Professor Hank Greely weighs in on the debate over whether human embryos should be modified to introduce heritable changes after news that researchers in China have begun editing the genomes of human embryos.

The US House of Representatives is wading into the debate over whether human embryos should be modified to introduce heritable changes. Its fiscal year 2016 spending bill for the US Food and Drug Administration (FDA) would prohibit the agency from spending money to evaluate research or clinical applications for such products.

In an unusual twist, the bill — introduced on 17 June — would also direct the FDA to create a committee that includes religious experts to review a forthcoming report from the US Institute of Medicine (IOM).

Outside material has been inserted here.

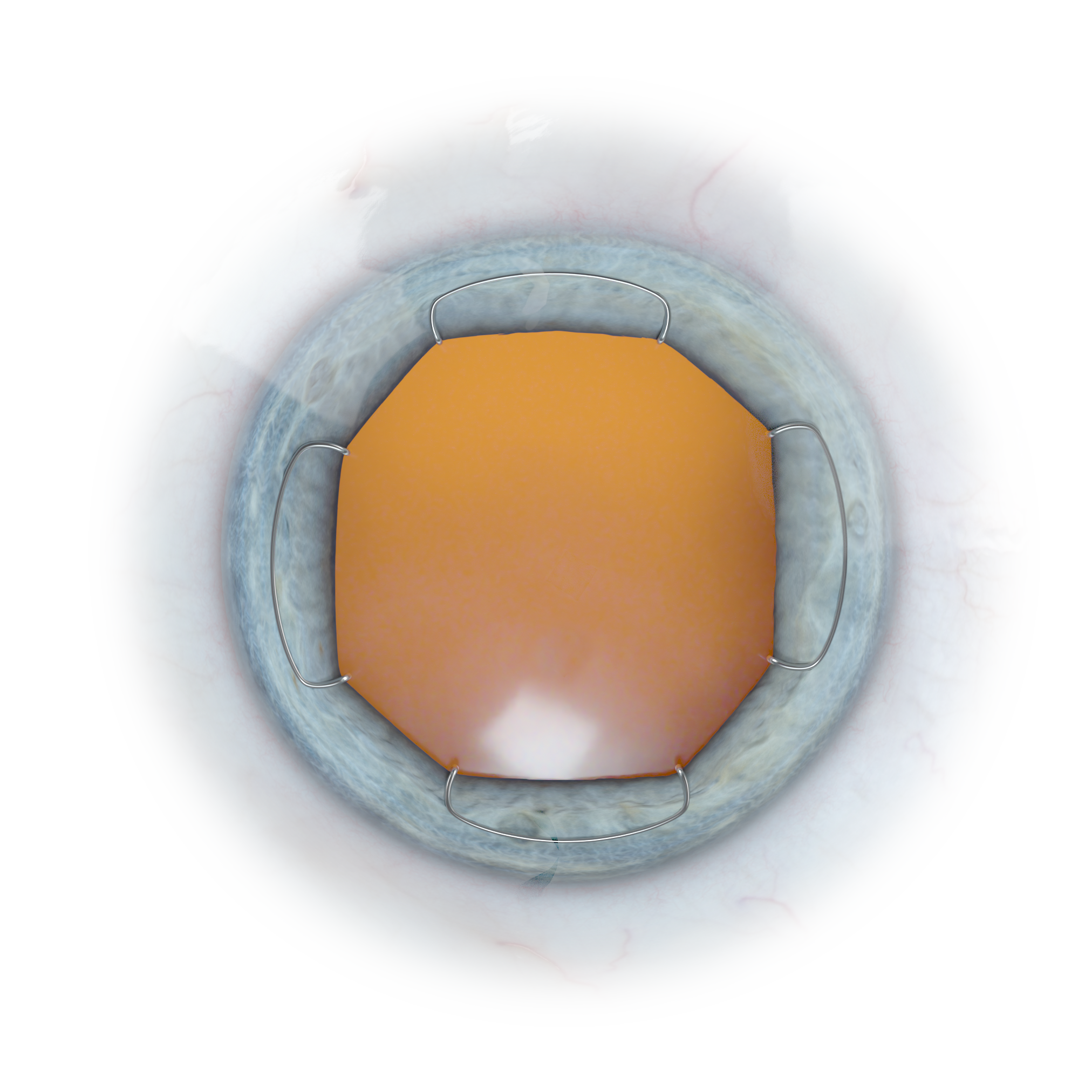 Das Xpand NT Irisspekulum besteht aus einer innovativen Titan-Nickel-Legierung, die auch nach längerer Deformation in ihre Ursprungsform zurückkehrt. Es ist biokompatibel und somit auch zum längeren Verbleib im Auge geeignet. Das Schließen der Form durch die Technik des Laserschweißens schont das Gewebe. Für einfaches Einführen und Manipulieren der Instrumente in das Auge steht das Design mit 4 Taschen. Durch die 8-Punkt-Irisfixierung wird die Belastung der Iris bei gleichzeitiger Maximierung der Pupillengröße minimiert.

The IOM’s analysis, which considers the ethics of creating embryos that have three genetic parents, was commissioned by the FDA.

“This step seems dumb — or ill-advised,” says Hank Greely, a bioethicist at Stanford University in California. It might also be premature because the FDA has not shown any indication that it would approve such research. And such a ban would not apply to the type of research that the Chinese scientists performed, because the embryos they used were not viable.

Greely suspects that the Republican majority in Congress “is trying to throw a (cheap) bone to some of its supporters; regrettable (to me), but not important”. The House appropriations committee, which drafted the FDA spending bill, did not respond to requests for comment.